Mr Edwards has been off air for six months after being suspended in July over allegations that he received inappropriate messages from a teenager and gave them money. Speculation remains about his future at the BBC as it prepares for a general election this year.
Vicky Flind, Mr Edwards’s wife, who named him as the presenter at the centre of the scandal after the allegations were first reported in The Sun, said he would be in hospital for the “foreseeable future” after he suffered a “serious episode”.
Mr Edwards, who has a history of mental ill health and has previously been treated for severe depression, is not yet thought to have recovered. It is unclear if he remains in hospital, The Times reports.
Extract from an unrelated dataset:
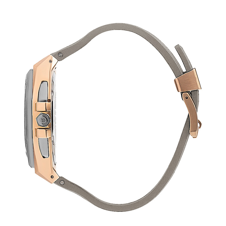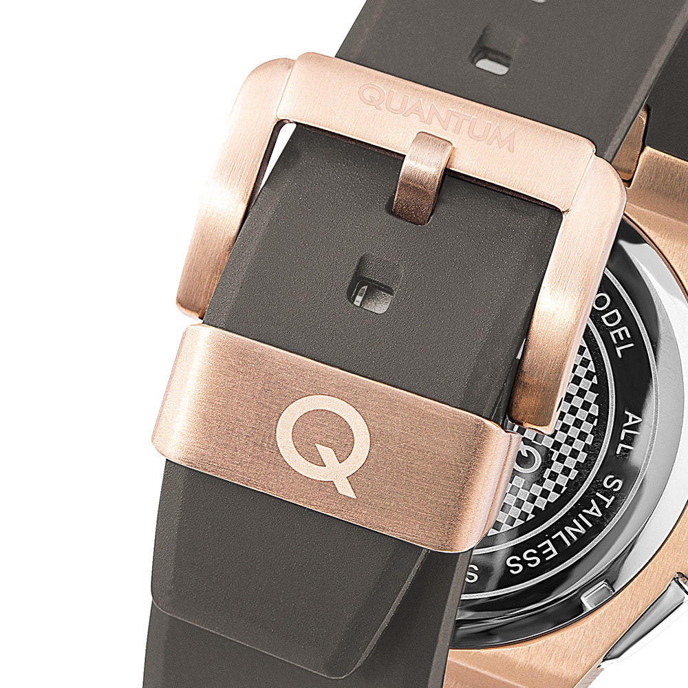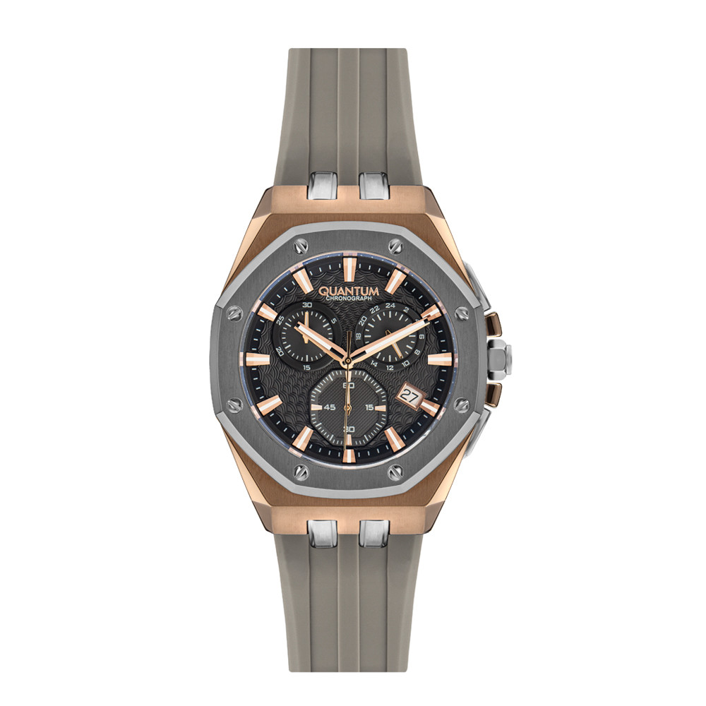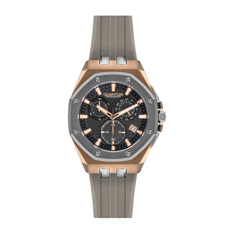 Мъжки часовник Quantum със спортно-ежедневен дизайн от колекцията Hunter. Дисплей тип хронограф в тъмносив цвят с детайли в цвят розово злато. Стъкло минерал-кристал. Луминесцентно покритие върху стрелките. Корпус от неръждаема стомана в комбинация със силиконова каишка. Диаметър на корпуса 45 мм. Задвижва се от кварцов механизъм. Водоустойчивост 10 ATM - позволява мокрене, къпане и плуване във водни басейни.

Resolving Mr Edwards’s future is coming into sharper focus as the BBC prepares for a busy news year, with multiple elections taking place across the world, as well as in the UK, and wars in Ukraine and Gaza.
One longstanding colleague of Mr Edwards said that the corporation would like to resolve the situation soon. They told The Times: “The BBC would like to get this whole unhappy situation wrapped up as quickly as possible. Things have been dragging on for six months now and they still haven’t been able to make any progress.”
Welsh journalist Edwards had been for years at the helm of significant political and royal events for the BBC.
He announced the late Queen’s death on the BBC last September, covered her funeral and anchored the BBC’s broadcast of the coronation of the King in May.
The former Westminster correspondent presented the Queen’s Diamond Jubilee in 2012 and Platinum Jubilee in 2022, the wedding of the then Duke and Duchess of Cambridge in 2011, the wedding of the Duke and Duchess of Sussex in 2018, and the funeral of the then Duke of Edinburgh in 2021.
The BBC News at Ten presenter was also the broadcaster’s voice at Trooping the Colour and the Festival of Remembrance and had taken over election coverage from the long-serving David Dimbleby in 2019.
The Metropolitan Police said in July that no criminal offence had taken place.